I rolled my eyes. Mom and Watson were out for the afternoon. I wasn't baby-sitting, since Sam and Charlie were home, but I felt I should be on top of things. There were ten kids in the house, plus Boo-Boo.

"This house," I informed my friends, "is actually a madhouse. Can you imagine what it'll be like when Shannon arrives?"

At that moment, Charlie charged into my

room with Andrew in his arms and threw him on the bed. "Touchdown!" he shouted.

Andrew squealed and giggled. He sounded a little too wild, which was unlike him. "Do a cannonball!" he shrieked. He tucked himself into a ball and Charlie picked him up again and ran him down the hall chanting, "Ba-boom-ba-boom-ba-boom-ba-boom." We heard a soft thud as my brother tossed him onto another bed.

"Hey, you guys! Perk up!" I shouted to them.

My friends laughed.

Karen ran after Charlie shouting, "My turn! My turn!"

"When do you get Shannon?" Mary Anne wanted to know.

"In two or three days," I replied.

"You know, Kristy," Claudia began, "I hate to say this, but - "

"Then don't," I interrupted.

"Don't what?"

"Say it."

Claudia made a face at me. "But," she continued, "you complained an awful lot about Shannon Kilbourne and the other snobby girls around here, and now Shannon's giving you a puppy. That's a pretty nice thing to do."

"I know," I said in a small voice as I traced the pattern of the bedspread with my finger:

"She's not as bad as I thought she was. In fact, she's sort of all right."

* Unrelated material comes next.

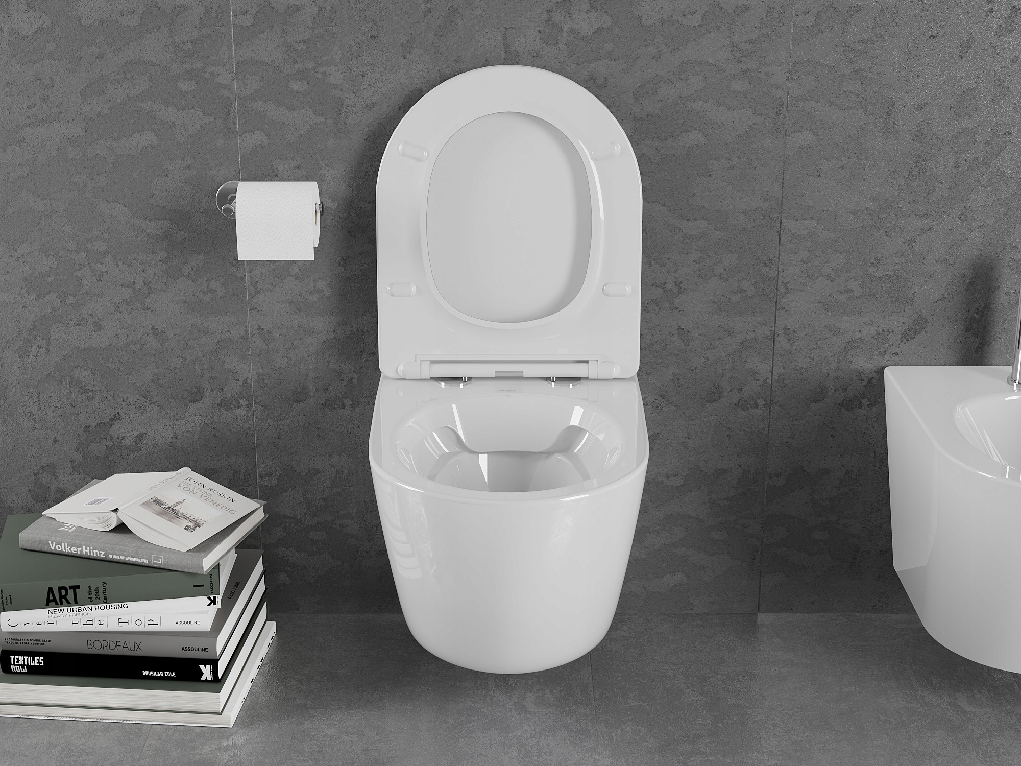Унитаз Mexen Lena без оправы с плавно закрывающимся тонким сиденьем из дюропласта, белый
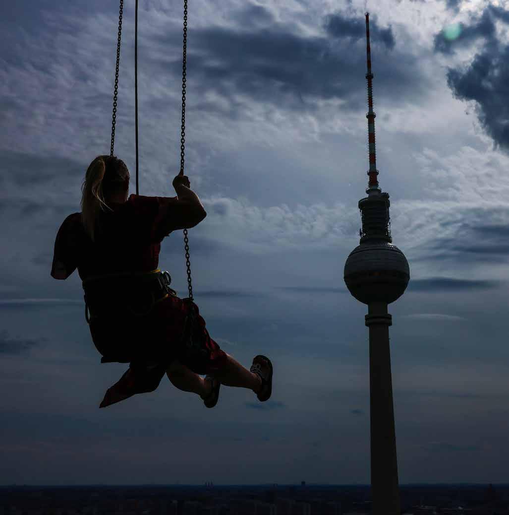 Decenas de personas disfrutan de un columpio a 120 metros de altura sobre la Alexanderplatz, en Berlín, durante el verano. Los visitantes se atan a un arnés de seguridad y se lanzan al vacío por encima de Alexanderplatz, en la azotea de un hotel del centro de la ciudad. EFE

"Well, what happened?" asked Dawn.

I shook my head. "I'm not sure. But we did have a talk the day Shannon brought Shannon to meet me."

"What kind of talk?" asked Claudia. She was lying on her back on the floor and began blowing a gigantic pink bubble with a wad of Bazooka.

"You know, if that pops, it's going to cover your face and goo up your hair," Stacey pointed out after a few seconds.

Claudia ignored her and kept on blowing.

"We had a very pleasant talk," I replied. "We talked about baby-sitting. I said I hadn't realized that I might be stepping on someone else's territory when I started sitting around here. It was just natural for me to sit."

"What did Shannon say?" asked Mary Anne. "Did she understand?"

"Oh, yes. Believe it or not, she said she was jealous."

"You're kidding," said Dawn and Stacey at the same time.